The tool can be used to list the different API functions and their parameters, and to print detailed help for each function.

Then, when invoking any function, scylla-api-cli performs basic validation on the function arguments and prints the result to the standard output. Note that json results msy be pretty-printed using commonly available command line utilities. It is recommended to use scylla-api-cli for interactive usage of the REST API over plain http tools, like curl, to prevent human errors.

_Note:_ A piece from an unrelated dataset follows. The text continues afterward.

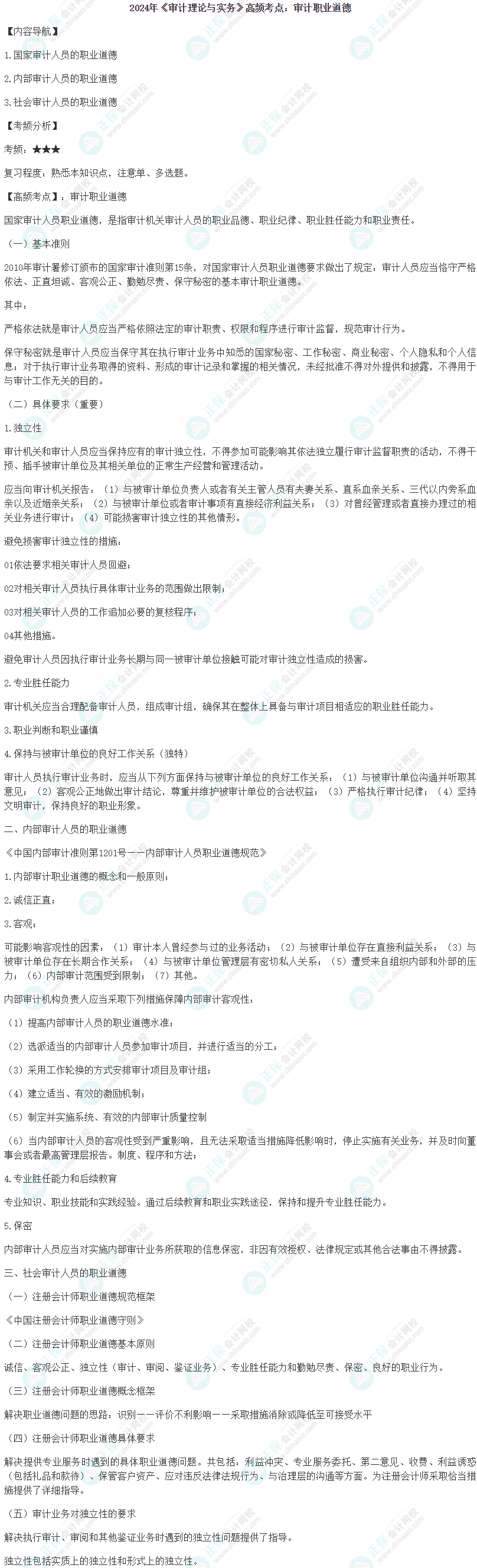以下是2024中级审计师《审计理论与实务》高频考点:审计职业道德

  • The sstable utilities now emit JSON output. See example output here.
  • There two new sstable tools, validate-checksums and decompress, allowing for more offline inspection options of sstables.
    • scylla-sstable validate-checksums: helps identifying whether an sstable is intact or not, but checking the digest and the per-chunk checksums against the data on disk.
    • scylla-sstable decompress: helps when one wants to manually examine the content of a compressed sstable.
  • The SSTableLoader code base has been updated to support “me” format sstables.
  • The sstable parsing tools usually need the schema to interpret an sstable’s data. For the special case of system tables, the tools can now use well-known schemas.
  • Nodetool was updated to fix IPv6 related errors (even when IPv4 is used) with update JVMs. #10442
  • Cassandra-derived tooling such as cqlsh and cassandra-stress was synchronized with Cassandra 3.11.3.
  • The bundled Prometheus node_exporterm used to report OS level metrics to ScyllaDB Monitoring Stack was upgraded to version 1.3.1.
  • Repairs that were in their preparation stage previously could not be aborted. This is now fixed.
  • ScyllaDB documentation has been moved from the scylla-docs.git repository to scylla.git. This will allow us to provide versioned documentation.
  • The sstable tools gained a write operation that can convert a json dump of an sstable back into an sstable.

Storage

  • “me” format sstables are now supported (and the default format).
  • ScyllaDB will now store the ScyllaDB version and build-id used to generate an sstable. This is helpful in tracking down bugs and altered persisted data.

Configuration

It is now possible to limit, and control in real time, the bandwidth of streaming and compaction.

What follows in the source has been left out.